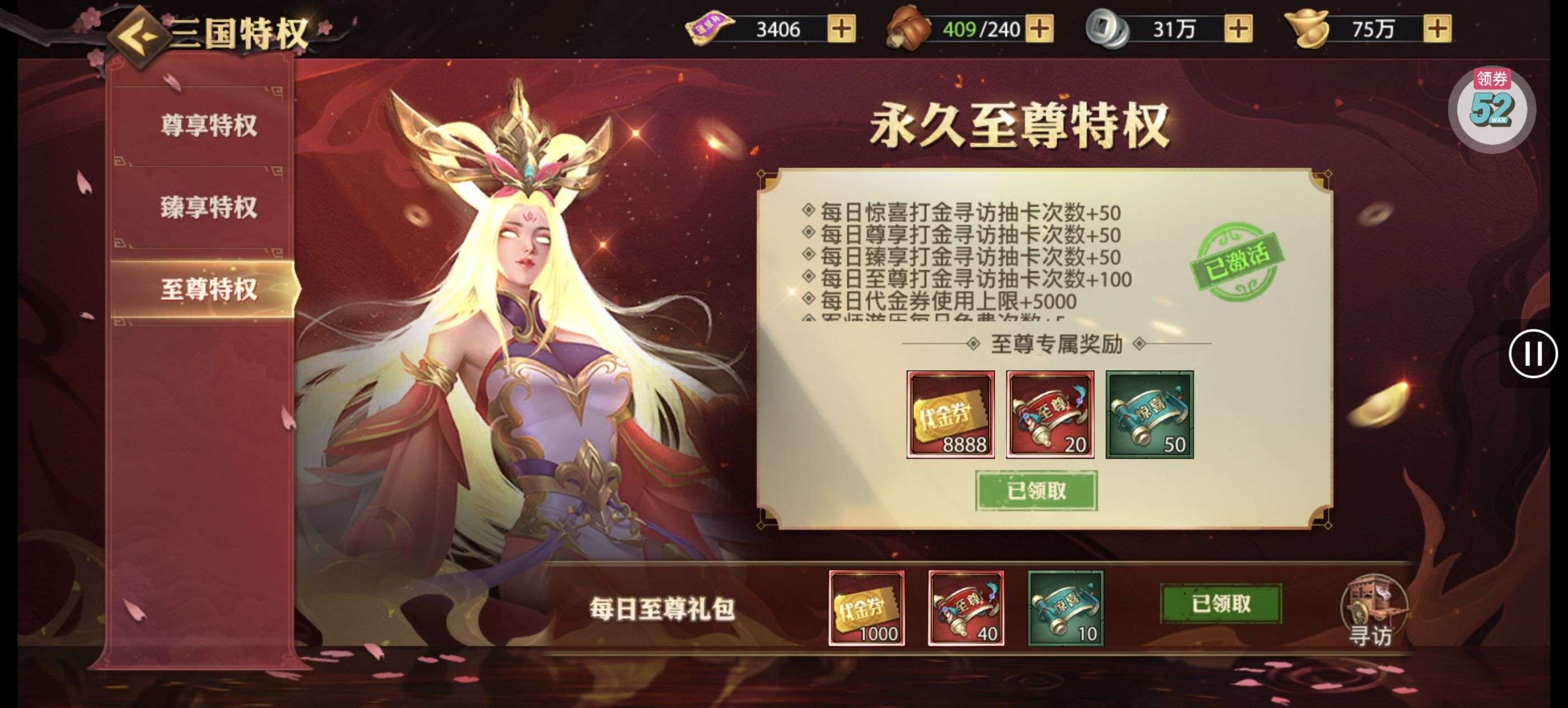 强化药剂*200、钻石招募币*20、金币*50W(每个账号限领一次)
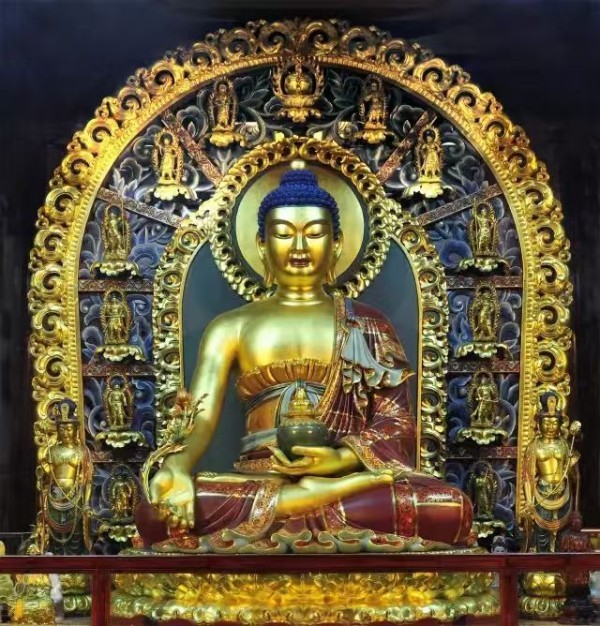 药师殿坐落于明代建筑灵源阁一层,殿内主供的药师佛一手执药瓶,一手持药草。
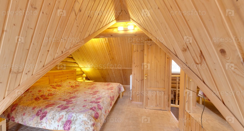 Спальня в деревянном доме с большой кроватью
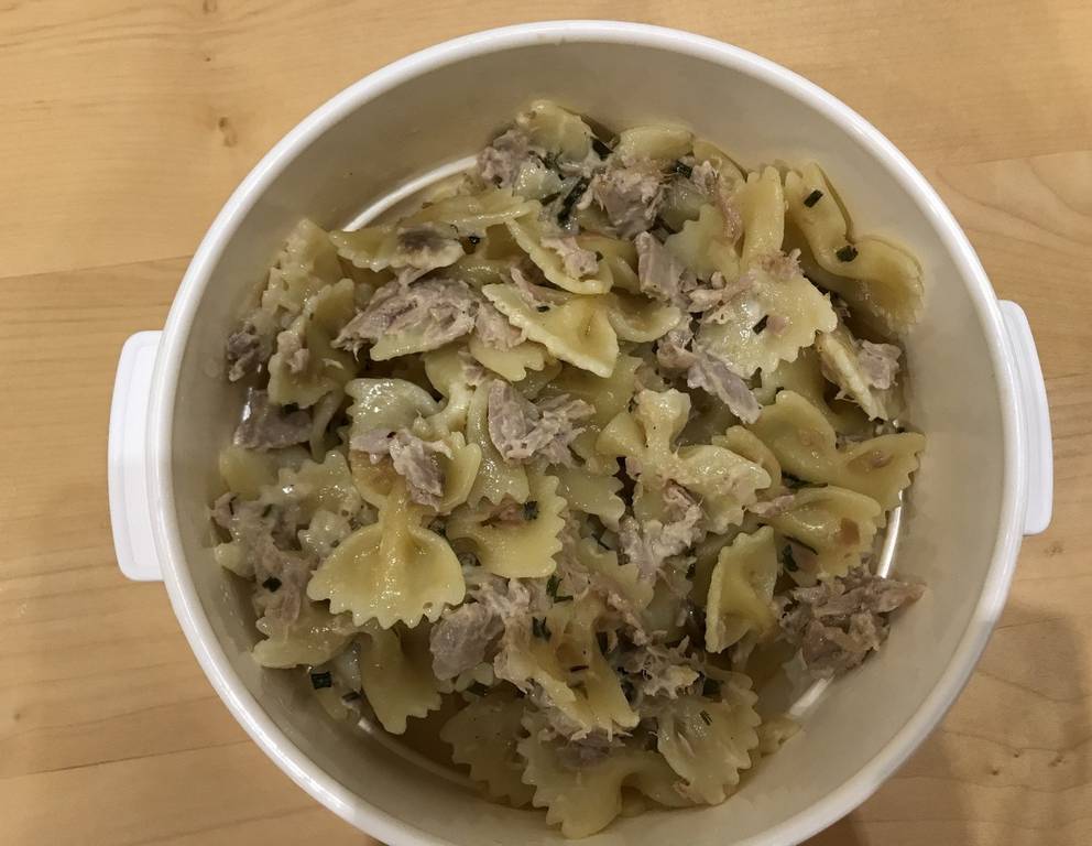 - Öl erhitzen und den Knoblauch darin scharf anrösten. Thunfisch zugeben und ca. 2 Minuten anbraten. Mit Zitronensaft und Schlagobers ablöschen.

(TASK TO COMPLETE) Reproduce the listing above exactly, excluding all pictures.

(ANSWER SECTION)
 强化药剂*200、钻石招募币*20、金币*50W(每个账号限领一次)
 药师殿坐落于明代建筑灵源阁一层,殿内主供的药师佛一手执药瓶,一手持药草。
 Спальня в деревянном доме с большой кроватью
 - Öl erhitzen und den Knoblauch darin scharf anrösten. Thunfisch zugeben und ca. 2 Minuten anbraten. Mit Zitronensaft und Schlagobers ablöschen.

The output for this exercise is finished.